Sri Lanka mengambil langkah drastis dengan melibatkan tentara secara masif untuk menekan penyebaran demam berdarah. Setelah sebulan menggunakan bantuan militer, otoritas kini menambah jumlah tenaga medis dan aparat keamanan mulai hari Kamis.
Kepala Unit Pengendalian Dengue Nasional Kapila Kannangara menyatakan fokus utama berada di ibu kota Kolombo serta dua distrik di sekitarnya yang mencatat kasus tertinggi. Lonjakan infeksi membuat rumah sakit berisiko kewalahan jika tidak dihentikan.
Demam berdarah menimbulkan gejala demam tinggi, nyeri otot, mual, dan pada kasus parah berujung pendarahan fatal. Nyamuk Aedes pengangkut virus memiliki ciri khas garis hitam-putih di kaki dan berkembang biak di genangan air diam.
Data resmi menunjukkan 61.057 orang terinfeksi dalam enam bulan pertama tahun ini, lebih dari dua kali lipat angka 30.060 infeksi pada periode sama tahun 2025. Bulan ini saja lebih dari 15.000 warga tertular virus tersebut.
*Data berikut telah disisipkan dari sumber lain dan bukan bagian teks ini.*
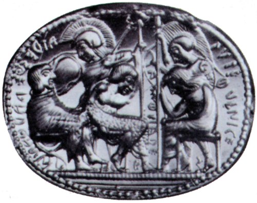 Ο Άδραστος (όρθιος, πάνω αριστερά) σε παράσταση ετρουσκικού σφραγιδόλιθου του 5ου αιώνα π.Χ. Απεικονίζονται τέσσερις ακόμα στρατηγοί που πήραν μέρος στην εκστρατεία Επτά επί Θήβας: ο Παρθενοπαίος, ο Αμφιάραος, ο Πολυνείκης και ο Τυδέας (Κρατικό Μουσείο, Βερολίνο).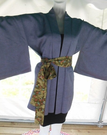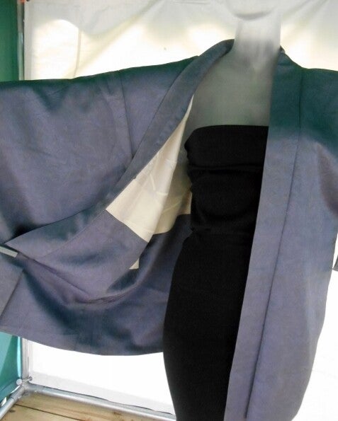Bijzonder mooi is deze haori (rond 1960) met subtiel ingeweven motief. Het jasje is met de hand genaaid en is gevoerd. De kleur is paars met blauwe gloed.Lengte 76cmMouw 43cmSchouders 62cm

Angka tersebut masih di bawah rekor 2017 dengan 186.000 kasus dan 440 kematian, namun tren kenaikan sejak awal tahun cukup mengkhawatirkan. Penyebaran yang cepat memaksa pemerintah bertindak agresif demi mencegah bencana kesehatan lebih luas.
Bagi Indonesia, negara di Asia Tenggara yang juga endemik demam berdarah, situasi Sri Lanka menjadi cermin betapa cepatnya virus ini menyebar di tengah perubahan iklim. Kementerian Kesehatan RI rutin melaporkan puluhan ribu kasus tiap tahun, dengan puncak biasanya saat musim hujan.
Perbedaannya, Indonesia lebih mengandalkan gerakan masyarakat dan pengawasan jentik serta inovasi seperti nyamuk Wolbachia di Yogyakarta daripada pendekatan militer. Langkah Kolombo yang menurunkan tentara menunjukkan urgensi luar biasa ketika sistem kesehatan terancam overload.
Masyarakat Indonesia perlu waspada karena nyamuk Aedes aegypti sama berpotensi menyebarkan virus saat lingkungan tak terjaga. Teknologi deteksi sarang berbasis aplikasi dan partisipasi warga terbukti efektif menekan angka kematian di beberapa daerah padat.
"Kami meluncurkan gerakan baru mulai besok untuk memperluas cakupan ke area lebih luas dengan tambahan staf dan personel keamanan," ujar Kannangara dalam konferensi pers di Kolombo. Ia menekankan perlunya pengendalian tanpa penundaan agar fasilitas kesehatan tidak kelebihan muatan.
Pejabat unit tersebut menyebut pentingnya memutus rantai penularan secepat mungkin. Organisasi Kesehatan Dunia (WHO) sebelumnya memperingatkan dengue dan virus bawa nyamuk lain menyebar lebih cepat serta meluas akibat krisis iklim.
Ke depan, Sri Lanka berencana mempertahankan kekuatan ganda tersebut sampai tren infeksi melandai. Jika gagal, distrik lain bisa menyusul Kolombo sebagai zona merah dengan risiko kematian makin tinggi.
Peningkatan suhu global diprediksi memperpanjang musim berkembang biak nyamuk, membuat kampanye seperti ini bukan sekadar respons temporer tetapi kebutuhan tahunan. Negara berkembang dengan sistem kesehatan terbatas wajib belajar dari langkah militer Sri Lanka demi melindungi warga.